BEGIN INPUT MATERIAL

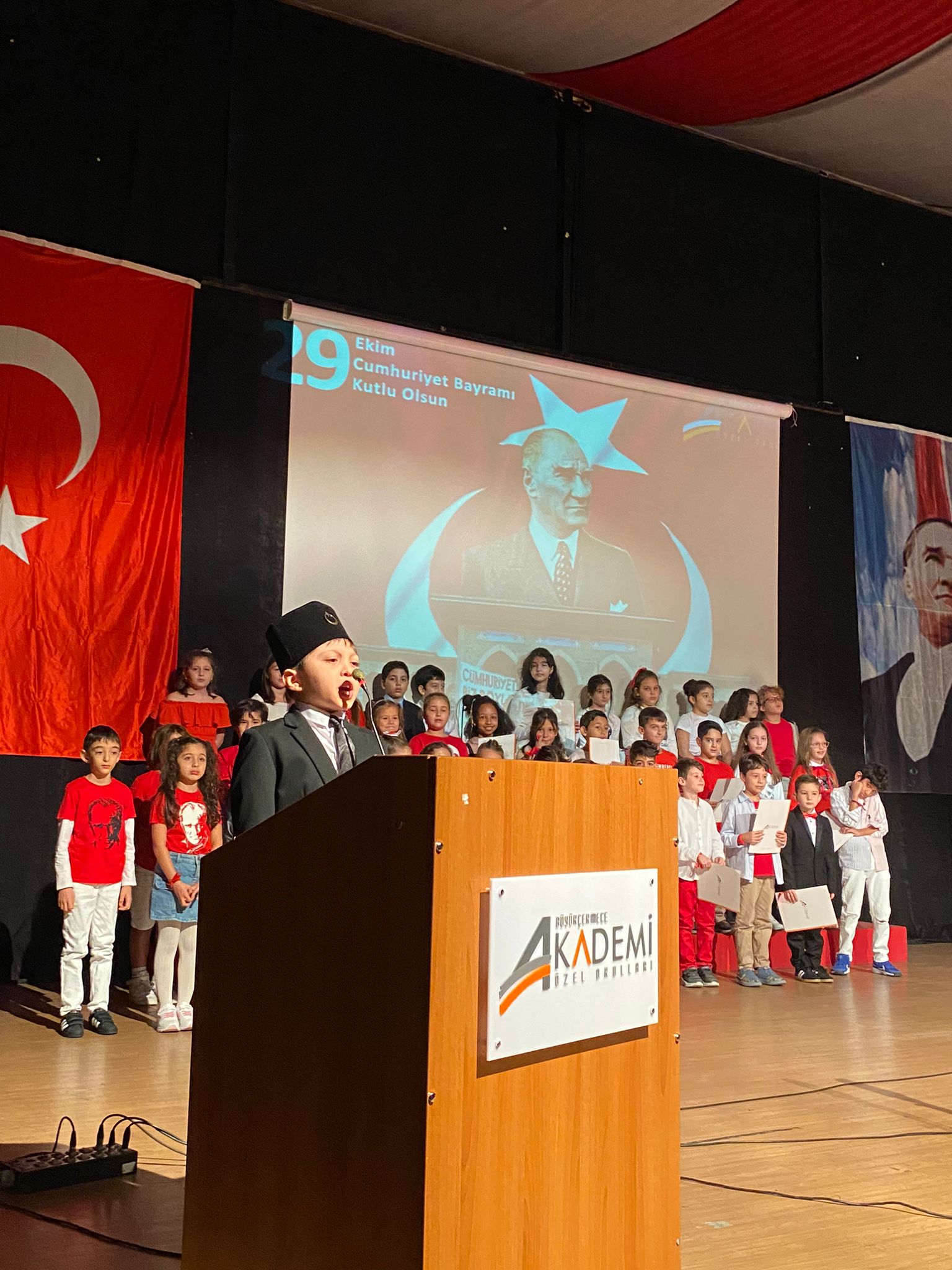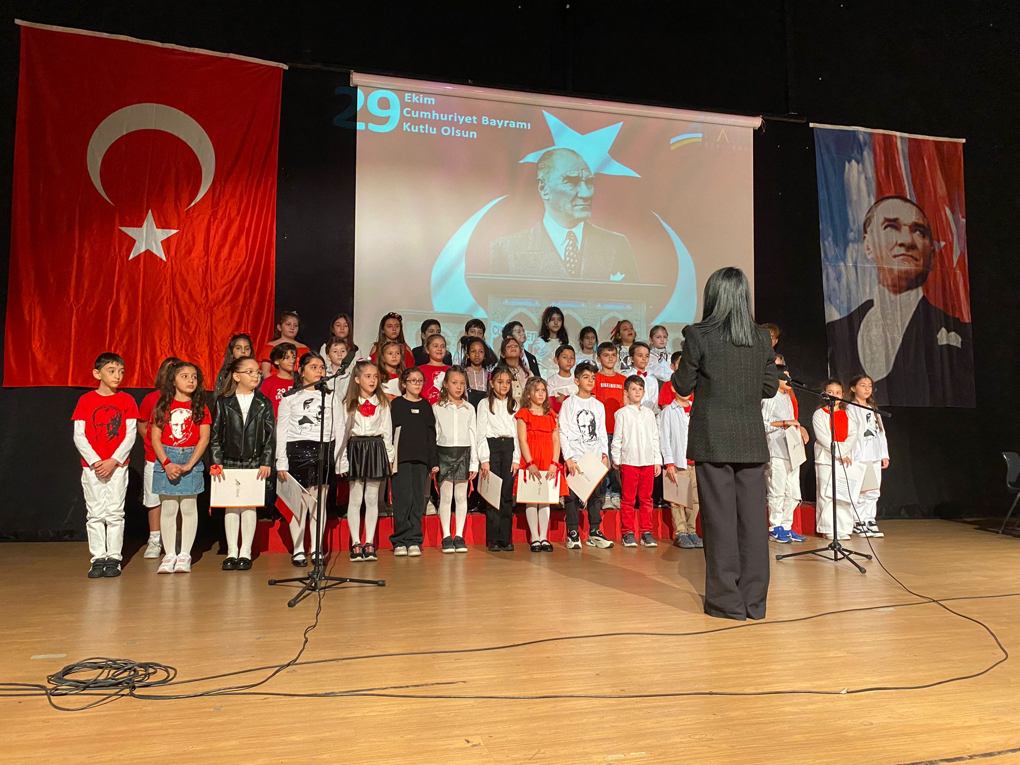 Okulumuzda, 29 Ekim Cumhuriyet Bayramını kutlama programlarımızın ilki, 3.sınıflarımızın sahne etkinleri ile başladı. Dramalar, söz koroları, şiirler, müzikler ve marşlarla dolu bu etkinlik, salonda bulunan veliler ve diğer öğrencilerimiz tarafından çok beğenildi. 3.sınıf öğrencilerimizi ve bu etkinlikte görev alan öğretmenlerimizi kutluyoruz.
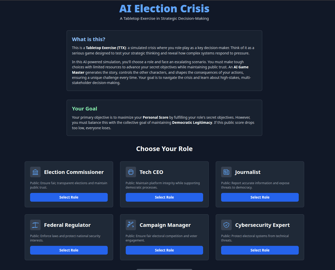 One of us had previously taken part in tabletop exercises (TTXs): a biosecurity drill for pandemic preparedness and a foreign policy scenario on AI deployments. Drawing from that experience, and impatient with writing cards and rules by hand, we built a digital version—a simulation of an election crisis. This experiment gave us a glimpse of how TTXs could be adapted for broader communities, helping participants see how risks play out in complex, sometimes catastrophic ways, while also expanding the space of possible scenarios.
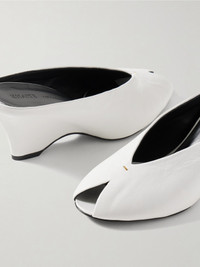 KHAITE's 'Cloak' mules are crafted from leather with peep-toes and angular heels that speak to the designer's architectural influences. The low-cut vamps create an elongating effect. Size & Fit - Fits true to size, take your normal size - Italian sizing Details & Care - Heel measures approximately 75mm/ 3 inches - White leather (Lamb) - Slip on
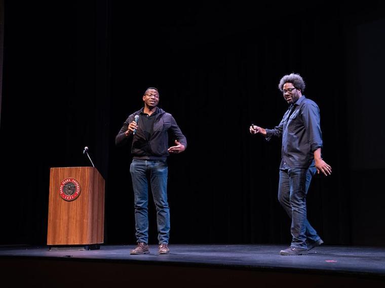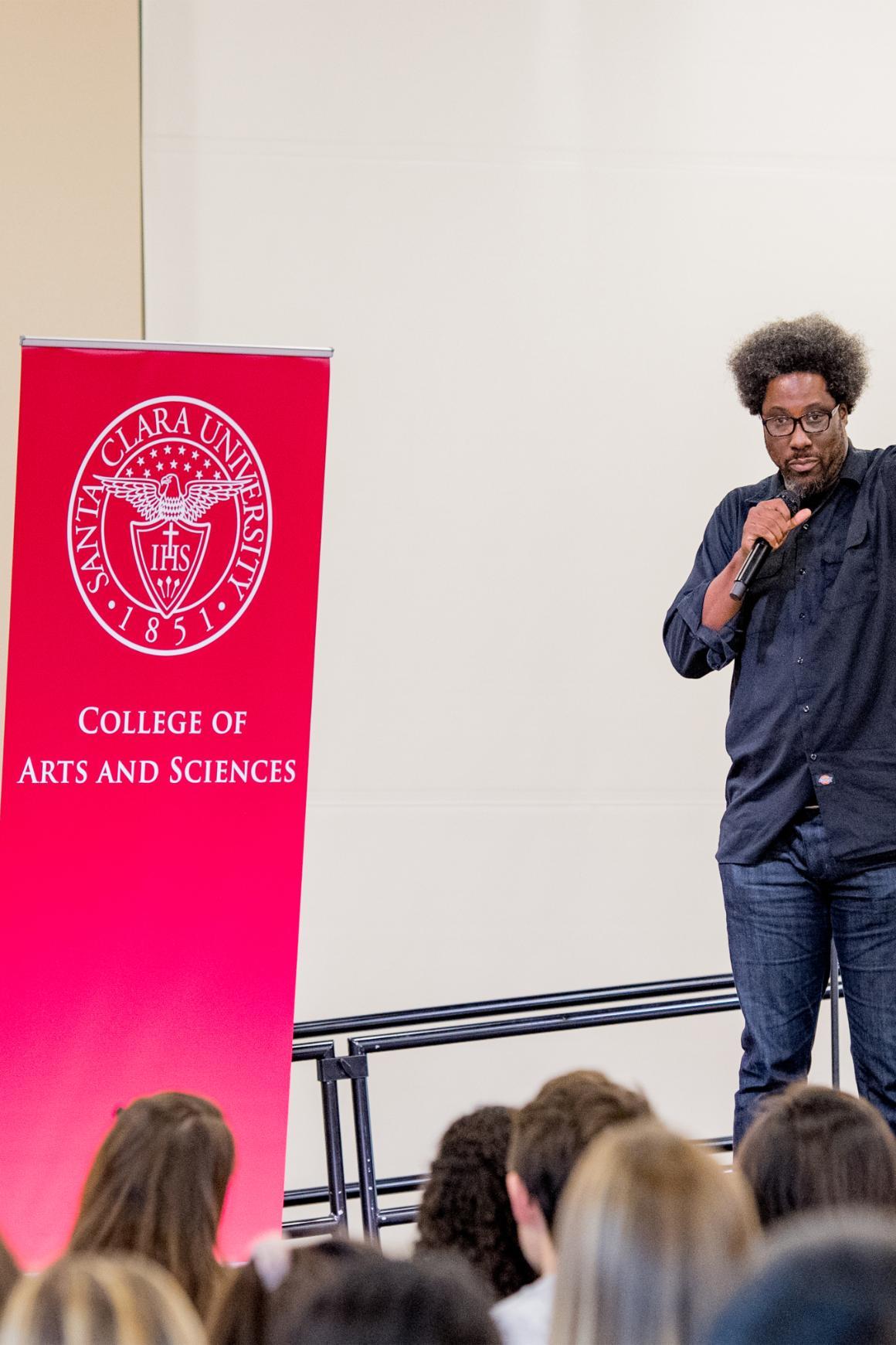 W. Kamau Bell completed his visits to campus on May 24, 2018, and left a legacy of reflection, learning, understanding of how to build empathy and reconciliation through dialogue and yes, humor. The Emmy-winning stand-up comedian, author, and CNN host offered incisive and scathingly funny commentary on modern society that helped change views on race, politics, identity and social issues in the United States. Joined by his spouse, Dr. Melissa Bell, SCU '01, Sinatra Faculty Fellow Danielle Morgan, Sinatra Student Fellow Julia Joyce and comics, academics, and thought-provoking guests, Mr. Bell visited classes, offer workshops for students, faculty, and staff, and entertained and informed the campus and Silicon Valley community.
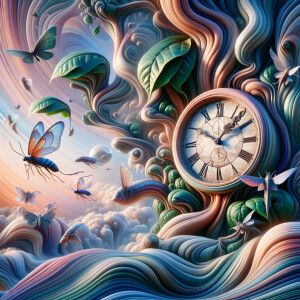 «A surrealist image of a dreamscape where clocks melt over tree b...»
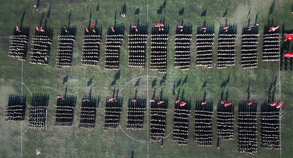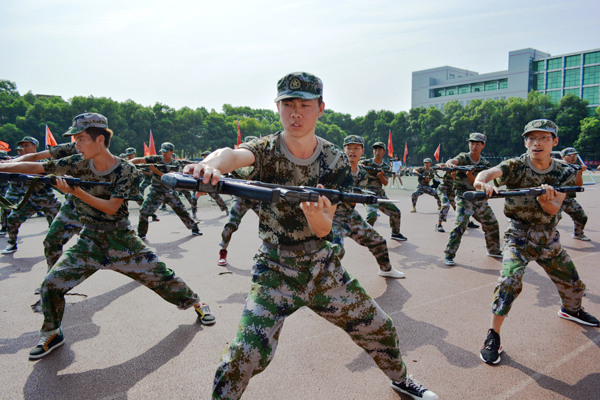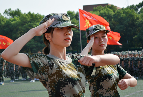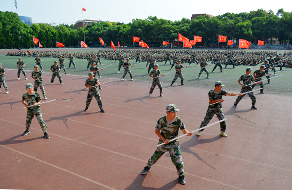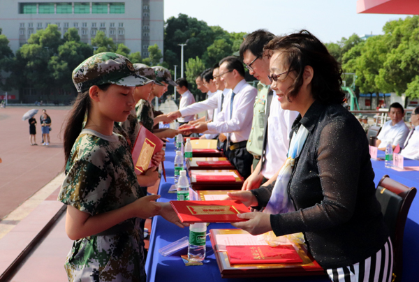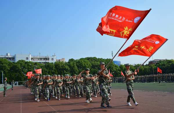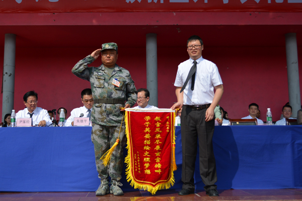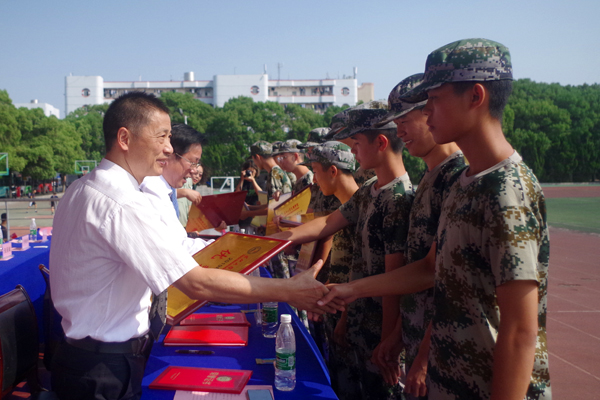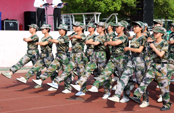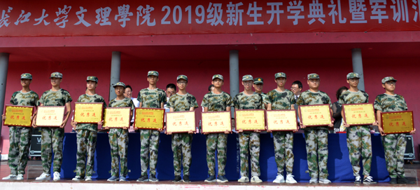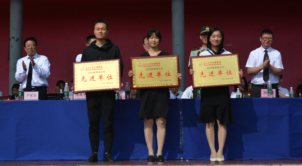 典礼上还进行了军训汇报表演。全体2019级新生组成24个军训连,向全院师生汇报14天的军训成果。队列表演、匕首操、刺杀操、棍术等表演赢得了全场阵阵掌声。尹家经宣读表彰决定,对军训过程中各方面表现优秀的集体和个人进行了表彰。院领导为获奖的集体和个人颁奖。孙细望代表学院向军训承训单位赠送锦旗。
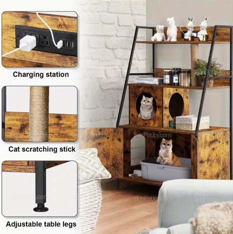 Discover the wholesale rustic cat litter box with hidden charging station, designed for B2B buyers. Customizable with storage options, perfect for bulk orders.
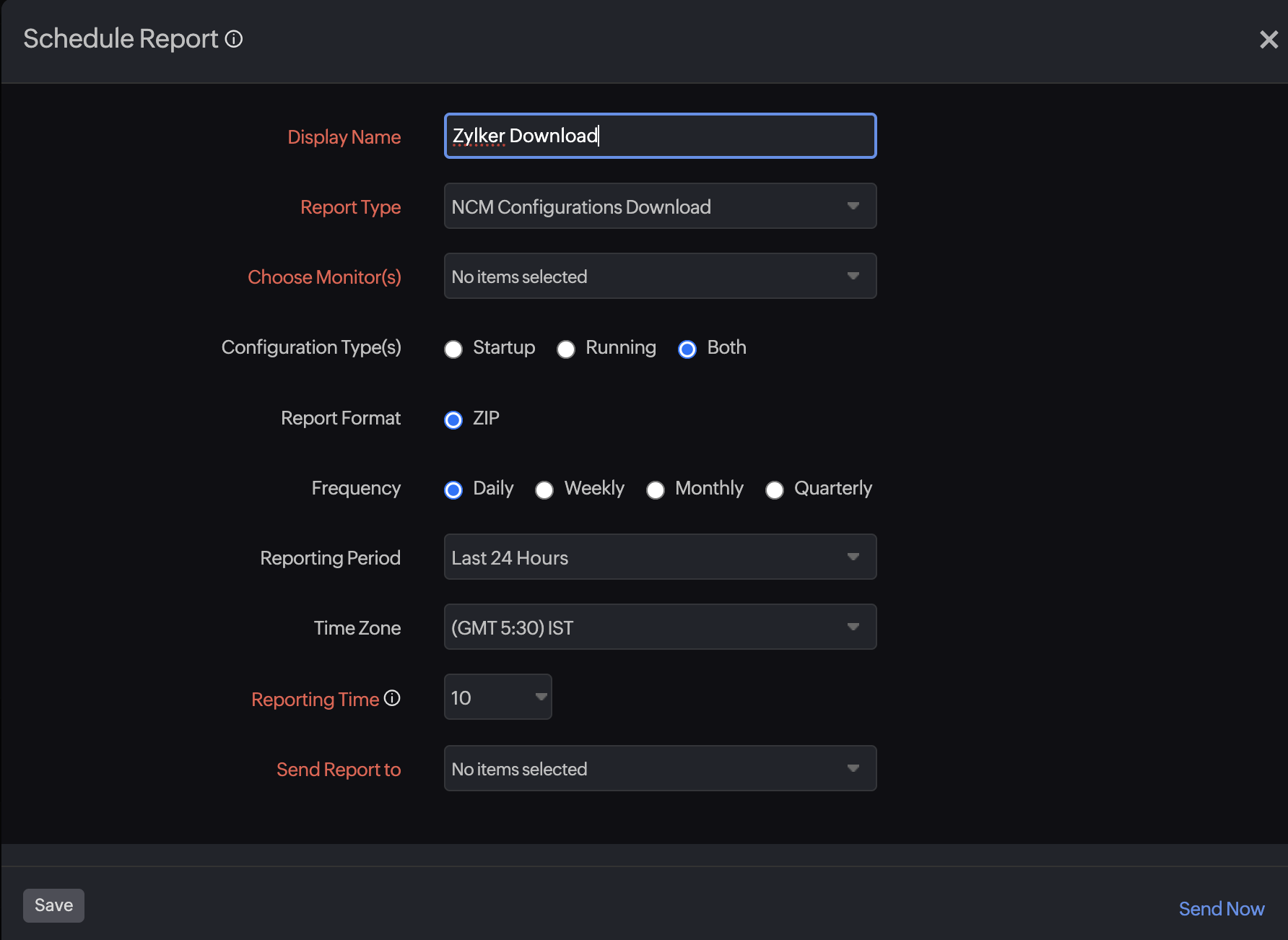 - Display Name: Provide a name for the scheduled report.
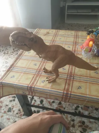 Tiene una marca de rotulador Figura de dinosaurio T-Rex de la marca Hasbro. Un clásico para coleccionistas y amantes de los dinosaurios. - Diseño detallado. - Color marrón.
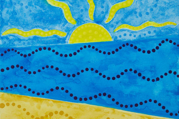 Artist context navigation Shop > Artists > Artist 446 of 746 Lucas W Wiradjuri people Sold Beach-Side Sunrise Lucas W, Wiradjuri people
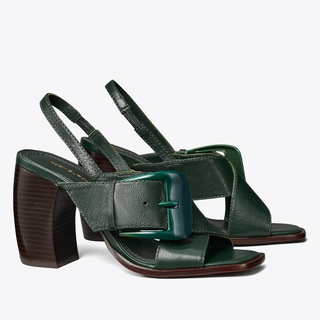 For in-between seasons, the Banana Heel Sandal is designed with an oversized buckle and crossover straps in soft, tumbled leather that has a subtle shine.

END INPUT MATERIAL

* PROBLEM REQUIREMENTS *
Starting with the first line of the records above and stopping after the line containing "KHAITE's 'Cloak' mules", repeat every line exactly and leave out the pictures.

* ANSWER TO THE PROBLEM *
 Okulumuzda, 29 Ekim Cumhuriyet Bayramını kutlama programlarımızın ilki, 3.sınıflarımızın sahne etkinleri ile başladı. Dramalar, söz koroları, şiirler, müzikler ve marşlarla dolu bu etkinlik, salonda bulunan veliler ve diğer öğrencilerimiz tarafından çok beğenildi. 3.sınıf öğrencilerimizi ve bu etkinlikte görev alan öğretmenlerimizi kutluyoruz.
 One of us had previously taken part in tabletop exercises (TTXs): a biosecurity drill for pandemic preparedness and a foreign policy scenario on AI deployments. Drawing from that experience, and impatient with writing cards and rules by hand, we built a digital version—a simulation of an election crisis. This experiment gave us a glimpse of how TTXs could be adapted for broader communities, helping participants see how risks play out in complex, sometimes catastrophic ways, while also expanding the space of possible scenarios.
 KHAITE's 'Cloak' mules are crafted from leather with peep-toes and angular heels that speak to the designer's architectural influences. The low-cut vamps create an elongating effect. Size & Fit - Fits true to size, take your normal size - Italian sizing Details & Care - Heel measures approximately 75mm/ 3 inches - White leather (Lamb) - Slip on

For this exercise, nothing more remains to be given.